For unscrupulous companies and criminals trading in counterfeit medicines, this situation represents a major opportunity.

‘The criminals who deal with substandard and falsified medicine are in it for the money. They look at market dynamics and follow the demand,’ says Pernette Bourdillon Esteve, an expert in this field at the WHO. ‘If a demand for a given treatment rises, combined with poor governance and weak technical capacity, you can expect a rise of substandard or falsified products.’

One of the most striking findings of the recent study suggests that whether drugs are sold in pharmacies or on the street matters less in terms of quality than the country of manufacture. Poor quality appeared to be associated more with drugs produced in Asia, but not so much with those produced in Europe or Africa. The lesson might then well be that regulating the trade of medicine on the street is important, but improving quality control and surveillance of the way drugs are manufactured may be even more crucial.

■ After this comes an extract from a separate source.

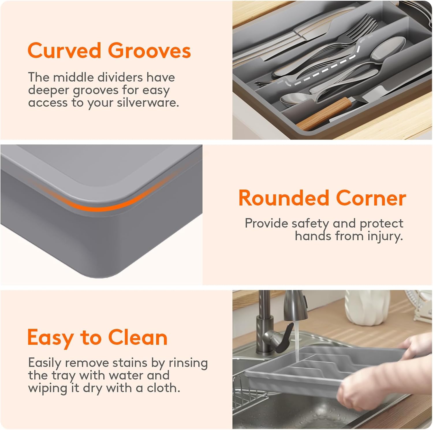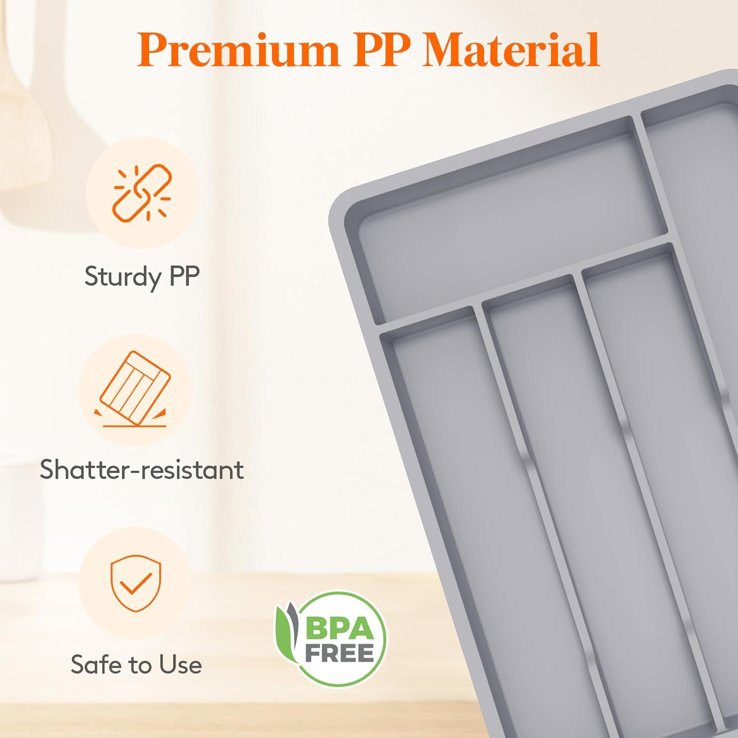 • Robust and Safe: This kitchen drawer organizer is crafted from premium PP material, BPA-free and built to last. It ensures your silverware is stored in a healthy, safe environment for worry-free use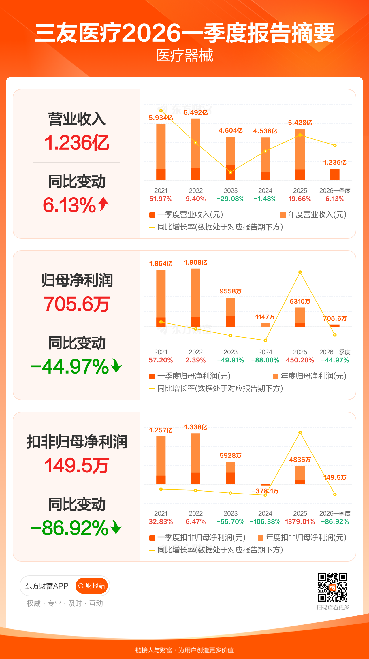三友医疗4月28日发布2026年一季报显示,公司一季度实现营业收入1.24亿元,同比增长6.13%;归母净利润705.61万元,同比下滑44.97%;扣非归母净利润149.50万元,同比下滑86.92%。

‘We need to improve surveillance at all levels of the supply chain, identify which labs in Asia are legitimate,’ says Antignac. ‘Our Paris lab is also now at the disposal of doctors, to conduct quality tests of samples they send us. Such tests are not easy to do on the ground, because of the huge political and economic pressures that local investigators often face.’

But other barriers to treatment also need to be addressed in order to turn the tide. In the absence of universal health coverage, many families cannot afford any medication, no matter the quality.

‘Patients have to pay themselves for analyses, hospital stays and treatments,’ says Toure. ‘I’ve sometimes had to help them financially to prevent deaths. We have long been lacking medical staff and infrastructure. When people do get seen by a doctor, they often can’t pay for it. Poor quality drugs is just a continuation of these problems – now, those who do manage to pay, risk ending up with drugs that do not work.’

Lea Surugue is a freelance journalist based in Spain. She covers science and health stories, with a strong focus on humanitarian medicine, women’s health, mental health and HIV.